Now it does have two uses one legitimate and one not. it could be just a conveinet way to pass around a torrent assoiciated with an image all in one handy container (kind of like a bussiness card printed on a mini-cd). nd it could be a way for someone to establish plausible deniability that they were posting a torrent. e.g. a blog post deploring the loss of revenue for Metalica with a picture of the band's latest almbum that happens to hide a torrent for that albumn. ("oh the irony, I just grabbed that image off google images and little did I know that particular one held a torrent. wink wink")

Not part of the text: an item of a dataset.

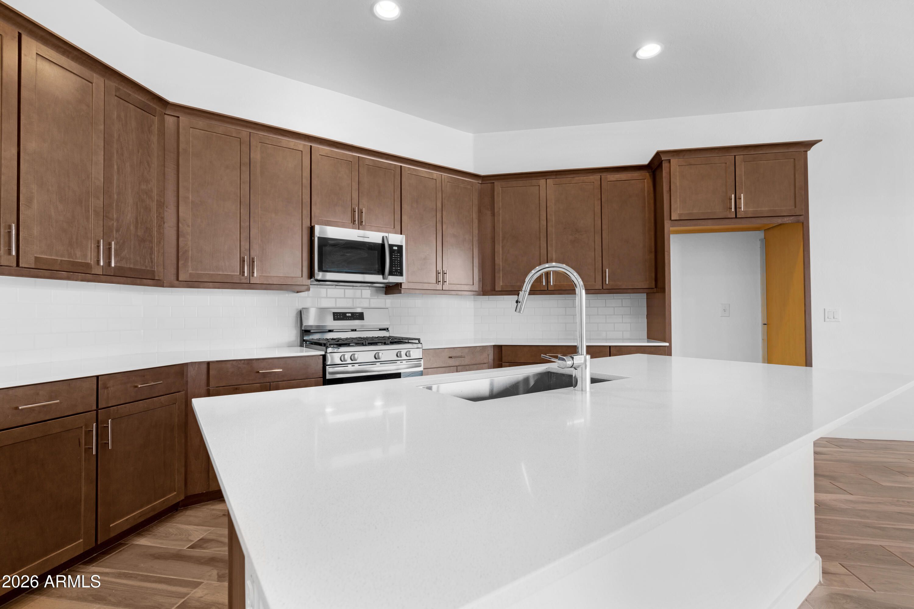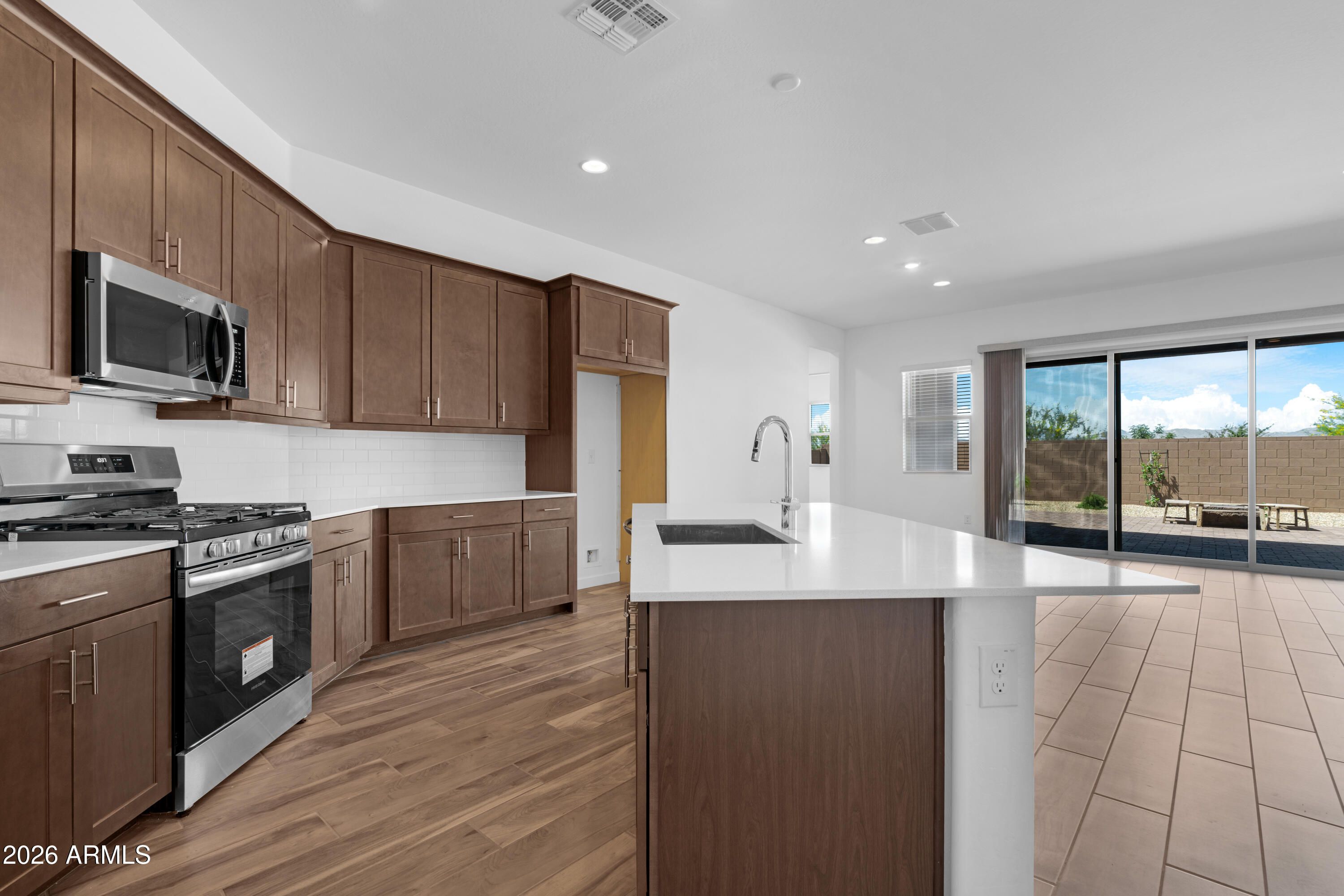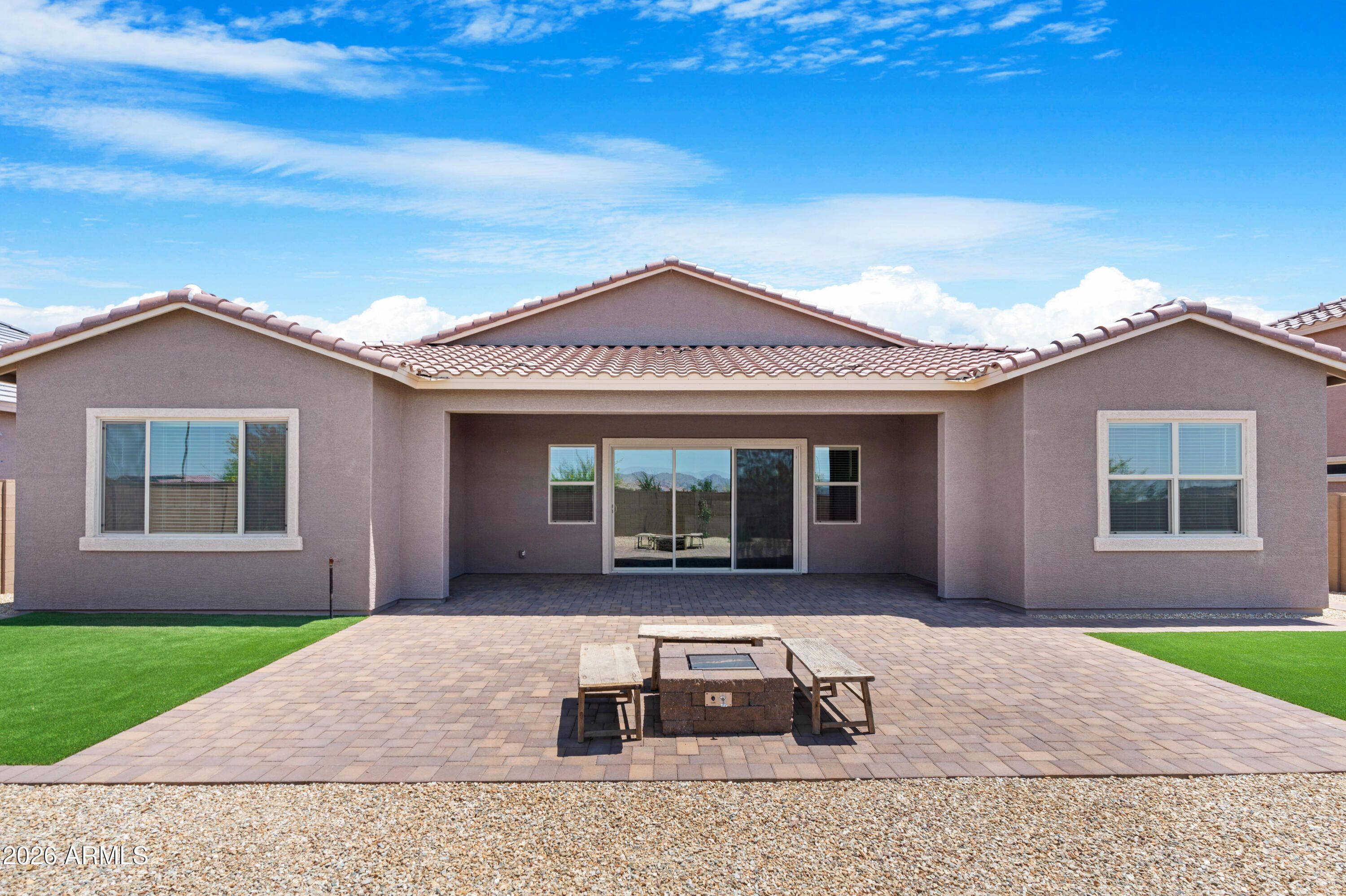 Stunning 2-Year-Old Single-Story Home with Mountain Views, Upgrades & finished Backyard! Why wait to build? This beautifully designed, nearly new single-story home offers 4 spacious bedrooms including a private mini master suite perfect for guests or multigenerational living. Plus a dedicated office, ideal for remote work and flexible living needs. Step inside to an open-concept layout with tasteful upgrades throughout, perfect for both everyday comfort and entertaining. A large three-panel sliding glass door seamlessly connects the indoor living space to the outdoors, leading to an extended covered patio with pavers and a built-in gas fire pit. It's the perfect setting to relax and take in the breathtaking mountain views, all surrounded by a finished landscaped backyard. Complete with a 3-zone air conditioner, upgraded 42" cabinets and quartz counters. From its thoughtful layout to its modern finishes and scenic outdoor living space, this home offers the best of Arizona living, move-in ready and full of charm!
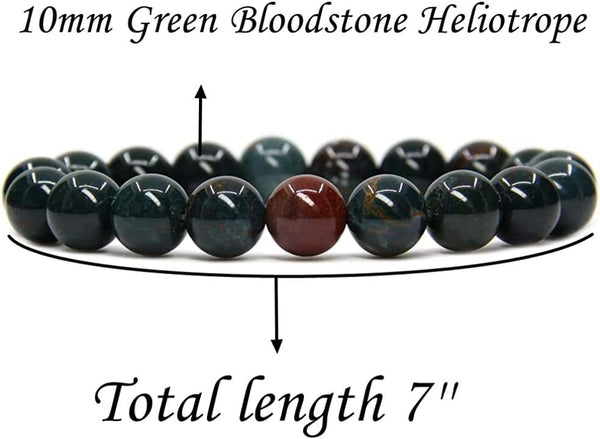 Angelstones Natural Green Bloodstone Heliotrope Genuine Semi-Precious Gemstones Healing 10mm Beaded Stretch Bracelet 7inch Unisex Angelstones Natural Green Bloodstone Heliotrope Genuine Semi-Precious Gemstones Healing 10mm Beaded Stretch Bracelet 7inch Unisex

Re:Why not just use slashdot instead?

[elashish14]

Parent is wise. It would be easy for any image hosting site to detect something like this. They would just have to scan it as they receive it. Nobody wins when you just encode it using a simple straightforward and one-time algorithm.

What the authors need to do is provide some sort of key to decoding the torrent file. Instead of creating an entire image of it, they should instead take a standard image, and use some cypher method that would slightly distort the it (blur, stretch, etc.) in some way that would allow recovery of the torrent data. Then it wouldn't be obvious to the naked eye and you could just post the information necessary to decode the information from some other location. But is this worth the effort when torrents are still easy to find? Probably not yet, but in the future it may be.

Re:Why not just use slashdot instead?

[Sir_Lewk]

Anyone can then use slashdot's search feature

I take it you've never actually tried to use slashdot's search function.

Why limit it to torrents?

[Steve+S]

I built a utility that can be used for the same purpose back in april. http://cosmodro.me/blog/2009/apr/11/smuggle-improved/
It's a small flash movie that can encode files into pngs and decode them back. It's not limited to torrents, so you can encode any file that's less than about 16MB.

Re:Why bother to hide it at all?

[Amazing+Quantum+Man]

And if the xxAA gets the torrent from the image, they're illegally circumventing a technical protection measure!